В это время отец Вана собирался на ежедневную работу в поле. Его крестьянская лачуга, на наш взгляд, напоминала скорее сарай, чем дом. Низкая соломенная крыша, тонкие деревянные стены, приземистый столик, лежанка. В дверь постучали. На пороге стоял знакомый даосский монах и худенький подросток.
– Приветствую тебя, Учитель, – поздоровался крестьянин.
– Благоденствие дому твоему! Вот, привёл твоего сына, чтобы он мог учиться в Немецкой железнодорожной школе в Циндао. Ван Пэй Сян очень способный! – нахваливал мальчика монах.
– Но, учитель! Я отдал сына в монастырь на Ляошань, когда мать его умерла, мне нечем его кормить! В этом году снова неурожай.
– У каждого – свой путь… Все в детстве учат «Троесловие», разве ты сам забыл: «Вырастить без обучения – Это вина отца. Учить без строгости – Это леность учителя». Ван уже выучил три языка и два китайских наречия. Тайцин берет все расходы по обучению Ван Пэй Сяна.

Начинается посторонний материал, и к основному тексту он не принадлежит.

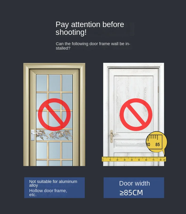 A: It fits standard door widths up to 85cm and must be mounted on a sturdy wall for optimal safety.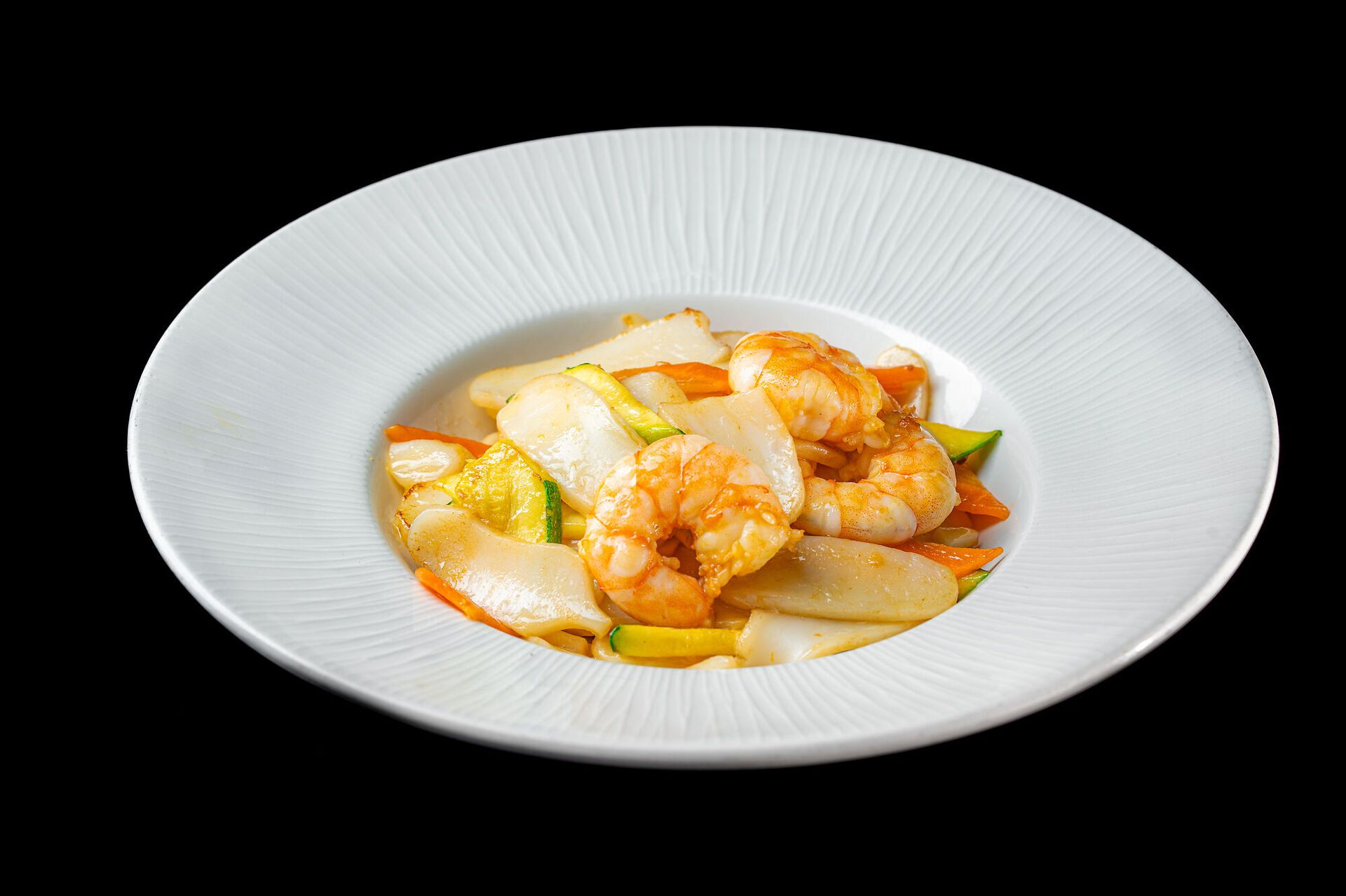 Gnocchi saltato con gamberi e verdure miste

Отец посмотрел на сына, похлопал его по плечу, и решил, что мальчик подрос и скорее помощник, чем обуза, да и на старости будет, кому позаботиться. Хозяин лачуги и мальчик поклонились монаху, и тот пошёл обратно на гору Ляошань, во Дворец Великой Чистоты.
Итак, Ван стал студентом железнодорожной школы, которая готовила младший обслуживающий персонал: билетных кассиров, телеграфистов, стрелочников, помощников начальников станций. Обучение было платным, примерно один рубль в месяц, при этом чернорабочий на железной дороге получал 15-20 копеек в день.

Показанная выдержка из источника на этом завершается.